▶ **RECORD SET**
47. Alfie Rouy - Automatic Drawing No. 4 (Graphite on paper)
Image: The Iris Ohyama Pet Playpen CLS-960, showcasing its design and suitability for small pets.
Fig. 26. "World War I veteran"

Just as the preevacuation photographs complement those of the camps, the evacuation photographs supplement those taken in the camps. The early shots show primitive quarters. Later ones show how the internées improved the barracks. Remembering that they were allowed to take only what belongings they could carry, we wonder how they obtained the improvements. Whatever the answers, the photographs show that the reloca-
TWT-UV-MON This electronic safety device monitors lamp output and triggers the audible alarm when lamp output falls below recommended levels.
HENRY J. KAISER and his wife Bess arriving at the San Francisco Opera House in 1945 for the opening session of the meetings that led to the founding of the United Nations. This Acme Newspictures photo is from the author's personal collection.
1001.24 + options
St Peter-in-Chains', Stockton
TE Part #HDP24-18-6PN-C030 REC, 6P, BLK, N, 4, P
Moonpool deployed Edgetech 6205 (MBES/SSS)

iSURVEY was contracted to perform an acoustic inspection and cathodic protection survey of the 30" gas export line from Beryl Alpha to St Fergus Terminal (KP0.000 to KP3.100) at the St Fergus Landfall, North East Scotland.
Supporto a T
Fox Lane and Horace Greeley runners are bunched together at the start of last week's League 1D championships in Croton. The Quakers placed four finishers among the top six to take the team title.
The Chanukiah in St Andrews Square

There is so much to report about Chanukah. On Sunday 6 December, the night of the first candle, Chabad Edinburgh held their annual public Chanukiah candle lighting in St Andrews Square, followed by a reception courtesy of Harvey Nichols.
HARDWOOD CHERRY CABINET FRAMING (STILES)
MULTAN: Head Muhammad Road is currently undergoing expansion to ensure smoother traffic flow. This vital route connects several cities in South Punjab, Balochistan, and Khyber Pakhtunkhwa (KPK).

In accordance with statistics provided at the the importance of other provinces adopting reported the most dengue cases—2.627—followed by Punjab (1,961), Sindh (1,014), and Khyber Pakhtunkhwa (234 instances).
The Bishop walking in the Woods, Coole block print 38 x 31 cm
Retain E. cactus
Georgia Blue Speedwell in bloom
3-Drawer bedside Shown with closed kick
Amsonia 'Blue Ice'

▶ **WORK REQUIRED**
The "The Chanukiah in St Andrews Square" line through the last line above: set these down exactly and add nothing else.

▶ **REPLY TO THE EXERCISE**
The Chanukiah in St Andrews Square

There is so much to report about Chanukah. On Sunday 6 December, the night of the first candle, Chabad Edinburgh held their annual public Chanukiah candle lighting in St Andrews Square, followed by a reception courtesy of Harvey Nichols.
HARDWOOD CHERRY CABINET FRAMING (STILES)
MULTAN: Head Muhammad Road is currently undergoing expansion to ensure smoother traffic flow. This vital route connects several cities in South Punjab, Balochistan, and Khyber Pakhtunkhwa (KPK).

In accordance with statistics provided at the the importance of other provinces adopting reported the most dengue cases—2.627—followed by Punjab (1,961), Sindh (1,014), and Khyber Pakhtunkhwa (234 instances).
The Bishop walking in the Woods, Coole block print 38 x 31 cm
Retain E. cactus
Georgia Blue Speedwell in bloom
3-Drawer bedside Shown with closed kick
Amsonia 'Blue Ice'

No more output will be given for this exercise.